Minimal. The wire format is a small SignalMessage JSON envelope (offer | answer | candidate | leave) that you ship opaquely between two peers.

  • Authenticated peer identity. You give the library a stable from per inbound signal. The library uses string comparison on peer ids to assign polite/impolite roles. Identity is your transport's job.
  • Agent-to-agent delivery. No broadcast required. The library only ever sends to one peer at a time.
  • Best-effort, not exactly-once. The library tolerates loss, reordering and duplicates. A connection-scoped peerSessionId filters stale signals from previous peer sessions.

You do not need:

  • A reliable ordered channel.
  • A signal server, relay, or rendezvous service.
  • Anything beyond "deliver this byte string to that peer."

Reconnection

DefaultReconnectPolicy uses quadratic backoff with jitter and a two-tier strategy: the first attempts use ICE restart (fast, preserves DTLS), then it switches to full reconnect; DTLS failures always go straight to full reconnect. Override by passing any ReconnectPolicy implementation to ConnectionManager.

Configuring the RTCPeerConnection

ConnectionConfig.iceServers carries STUN/TURN servers. ICE handles relay fallback automatically when host/srflx paths fail. Set iceTransportPolicy: 'relay' to force TURN-only.
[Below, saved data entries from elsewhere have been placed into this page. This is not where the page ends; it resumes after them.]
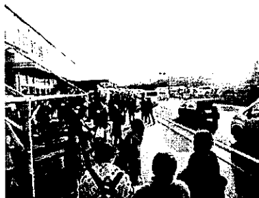
砂丘前商店街のにぎわい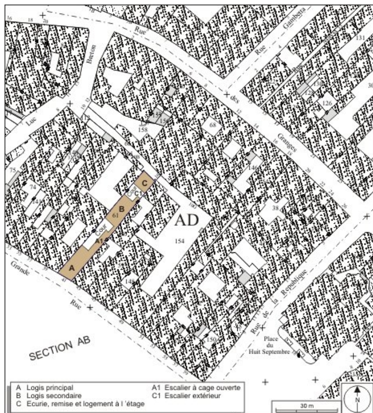
Plan masse et de situation. Extrait du plan cadastral, 1974, section AD. 25, Besançon, 41 Grande Rue, lieudit : îlot Bouteiller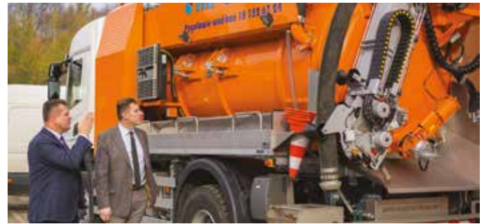
fol. Marcin Gugulski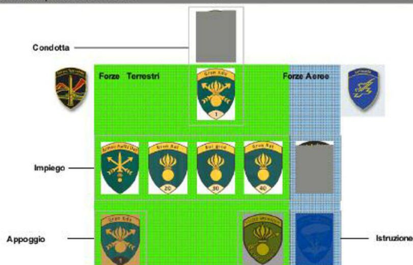
Le varie componenti delle FREG.

For lower-level configuration (simulcast, codec preferences, custom transceivers), pass onPeerCreated — it fires once per peer session with the bare RTCPeerConnection, before any local tracks are attached:

const manager = new ConnectionManager({
  myAgentId,
  signaling: send,
  onPeerCreated: ({ pc, remoteAgent }) => {
    pc.addTransceiver('video', {
      direction: 'sendrecv',
      sendEncodings: [
        { rid: 'h', maxBitrate: 1_200_000 },
        { rid: 'm', maxBitrate: 300_000, scaleResolutionDownBy: 2 },
        { rid: 'l', maxBitrate: 100_000, scaleResolutionDownBy: 4 },
      ],
    });
  },
});

Forensics

onTransition is the firehose: one structured FSMTransitionEntry per transition, each carrying timestamp, connection id, from/to phase, trigger string, peer-session id, and a TransportSnapshot of all underlying browser states. TransitionRecorder keeps the last N entries; dump() / toJSON() produce a portable record for bug reports. The library never writes to console — pass a logger (Logger) if you want recovered errors and warnings surfaced.

const recorder = new TransitionRecorder({ capacity: 500 });
const manager = new ConnectionManager({
  myAgentId,
  signaling: send,
  onTransition: (entry) => recorder.record(entry),
});

window.onerror = () => navigator.clipboard.writeText(recorder.toJSON());

Lower-level API

ConnectionManager is the recommended entrypoint. For a single connection or custom orchestration, use PeerConnectionFSM (one peer, full lifecycle) or RTCPeer (a thin Perfect-Negotiation wrapper over RTCPeerConnection) directly.

Platforms

Targets the W3C RTCPeerConnection API. Works in any browser, in Electron's renderer process, and — via react-native-webrtc's globalThis polyfills — in React Native. The createPeerConnection factory lets you inject a non-global constructor explicitly if needed.

Testing

The library never constructs an RTCPeerConnection directly — it goes through an injectable createPeerConnection factory. Pass a mock to run the full FSM headless in Node, with no browser or DOM environment. See src/__tests__/ for the suite (160+ tests, including two-peer integration).